Which Carbide Do I Need?

At Carbide Industries, calcium carbide production in different sizes (grades) is all we do. Generally speaking, the different grades of carbide that we make correspond to different reactivities of the carbide. For example, we produce fast-acting carbide powder that is injected into molten iron to combine with and remove sulfur. We also supply carbide in a slower-reacting nut size to add to the stream of molten metal when the steelmaking furnace is tapped. The carbide reduces oxides and returns iron and metal alloys to the steel that would otherwise be trapped in the slag, but does not react so fast that the steel overflows its ladle.

The best way to choose which grade you need is to contact us. Our industry experts have decades of experience specifying carbide grades for different applications and optimizing processes in many industries.

Carbide for Metallurgy

Calcium carbide is a powerful and effective chemical reducing agent, and can also be used as a source of energy. Nowhere is this more evident than in the field of metallurgy, where it is used in several ways to reduce costs.

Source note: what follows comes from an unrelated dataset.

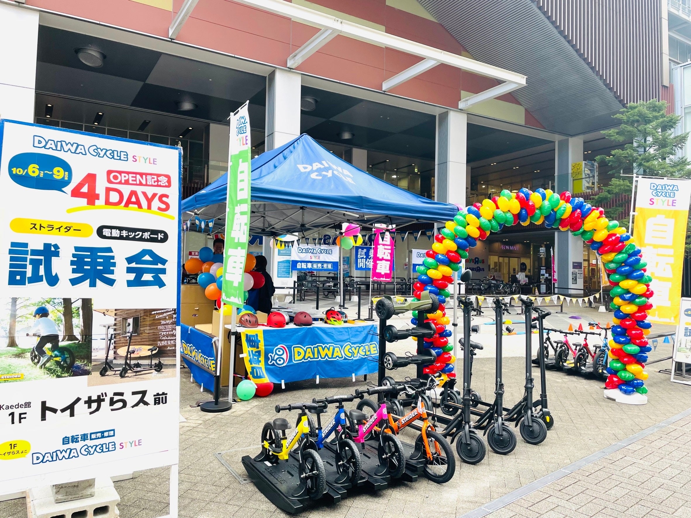 ダイワサイクルスタイル イオンモールKYOTO店にてオープンを記念した試乗会を開催いたします。試乗会では、お子様向けランニングバイク「ストライダー」の試乗コースをご用意いたしております。初めてストライダーを体験されるお子様でも走りやすいコースになっております。
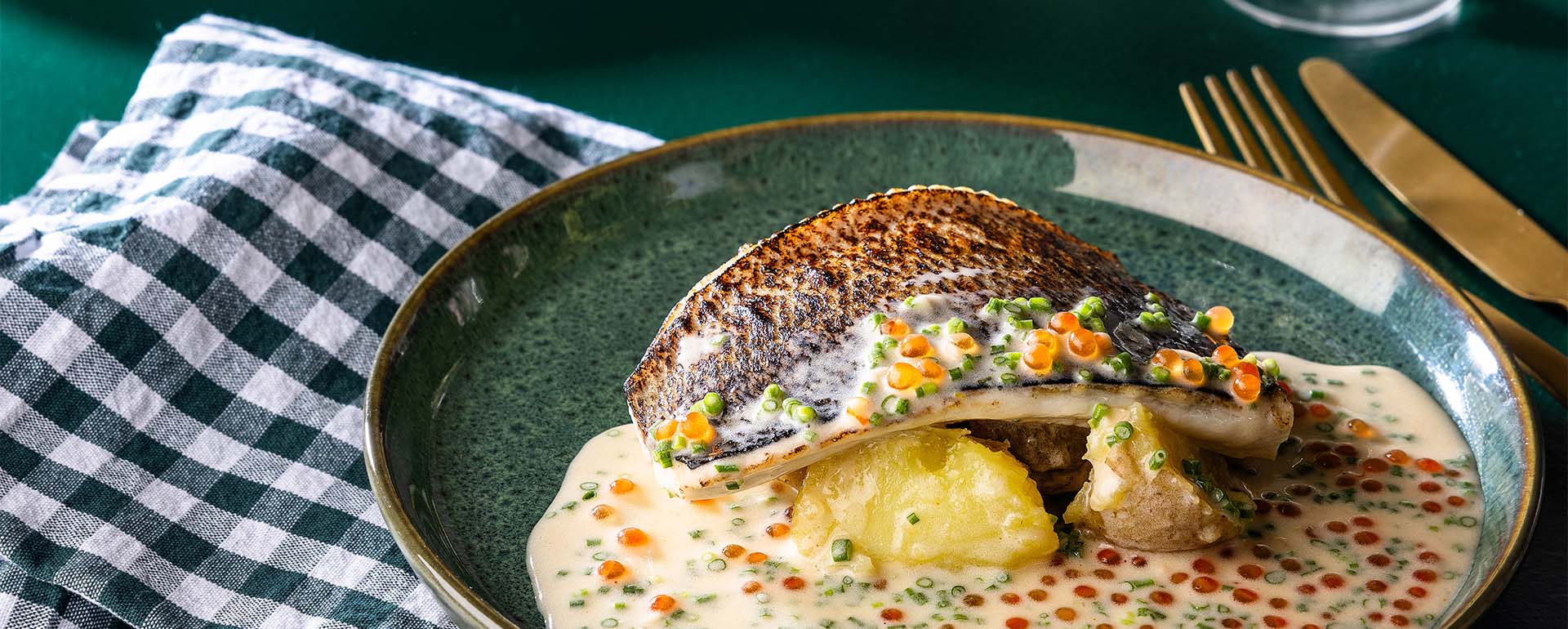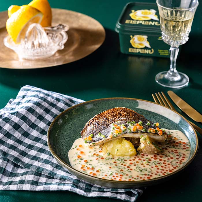 Fiskrätt med en modern touch. Den krämiga romsåsen och krossade potatisen får sin smak av... you guessed it, Eleplant! Klassiskt recept från Matias Haapsaari, kock i Finlands kocklandslag.

In modern steelmaking operations, the need for lower sulfur steels demanded by modern continuous casting operations and specialty applications has increased calcium carbide's appeal as a hot metal desulfurizer or as a modifier to the slag to increase desulfurization efficiency.

In addition, the reaction of carbide with oxides produces a large amount of heat that is highly retained in the process. This has efficiency implications for ladle metallurgy, but moreover carbide provides major cost savings as a source of energy and productivity improvement in the steelmaking furnace.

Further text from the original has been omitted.